Calvin Hunt

No. 54, 51, 52
- Position: Center

Personal information
- Born: December 31, 1947 (age 78) Oceanside, California, U.S.
- Listed height: 6 ft 3 in (1.91 m)
- Listed weight: 245 lb (111 kg)

Career information
- High school: Edna (Edna, Texas)
- College: Baylor
- NFL draft: 1970: 11th round, 261 (By the Pittsburgh Steelers)th overall pick

Career history
- Philadelphia Eagles (1970); Houston Oilers (1972–1973);

Awards and highlights
- First-team All-SWC (1968);

Career NFL statistics
- Games played: 21
- Games started: 10
- Fumble recoveries: 3
- Stats at Pro Football Reference

= Calvin Hunt (American football) =

American football player (born 1947)

Calvin Cornelius Hunt (born December 31, 1947) is an American former professional football player. He played center one season for the National Football League (NFL)'s Philadelphia Eagles in 1970 and two for the Houston Oilers from 1972 to 1973.
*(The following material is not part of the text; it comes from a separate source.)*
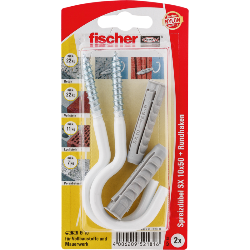 fischer Spreizdübel SX 10x50 HN K Dübel, hellgrau, 2 Stück, mit Rundhaken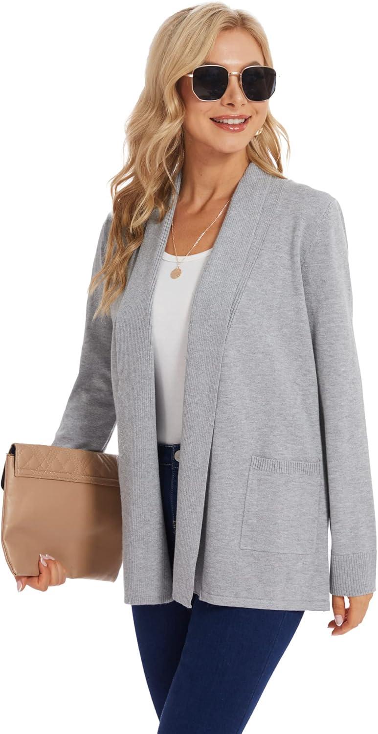 imageMoss Rose Womens Classic Sweaters Cardigan Long Sleeve Knit Coat Outwear with Pocket Available in Plus SizeLight Gray

Born in Oceanside, California but raised in Edna, Texas, Hunt played at Edna High School for coach Allen Boren. Following graduation in 1966, Hunt attended Baylor University, where he played for John Bridgers the first three years, and for Bill Beall during his senior year.

Hunt was selected 261st overall (11th round) in the 1970 NFL draft by the Pittsburgh Steelers, but made his debut for the Philadelphia Eagles. Leaving the team after one season, Hunt later played two years for the Houston Oilers.